Indian "public sphere"

Habermas get mentioned in the context of a debate on the possibility of a public sphere in India. Relevant excerpt:

"Ninan’s study takes forward Robin Jeffrey’s book, India’s Newspaper Revolution. Written in the ’90s, it encompassed the challenges before the language media, including Hindi, Urdu, and southern language newspapers, and their responses to it. But in both books, there are gaps in comprehending the public sphere in the Indian situation. The application of Habermas’s concept of public sphere in India’s diversified and unevenly developed society has limitations. India’s agrarian society, having passed through colonial rule, is fundamentally different from a liberal, developed society in the West.

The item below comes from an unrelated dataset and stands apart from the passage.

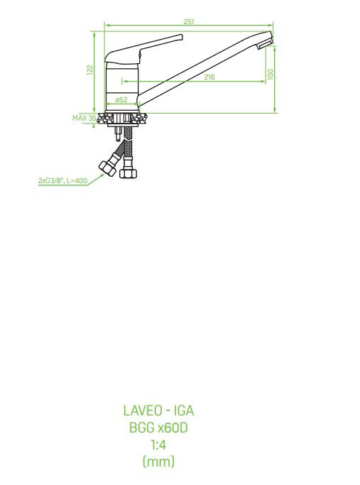 Laveo IGA álló mosogató csaptelep, szemcsés fekete BGG_760DLaveo

The basic class character of the Hindi press’s ownership has been mercantile-capitalistic. The changeover from mercantile capitalism to industrial capitalism, and switching over to digital printing technology, do not necessarily cause a shift in the social and professional behaviour of Hindi press barons and mufassil proprietors.Also, the century-old caste character of the Hindi press is fairly intact. Still a caste Hindu-dominated press, proprietors, editors, bureau chiefs and chief reporters invariably come from Vaishya, Brahmin, Kayasth and other upper caste backgrounds. This affects the democratic functioning of the Hindi press."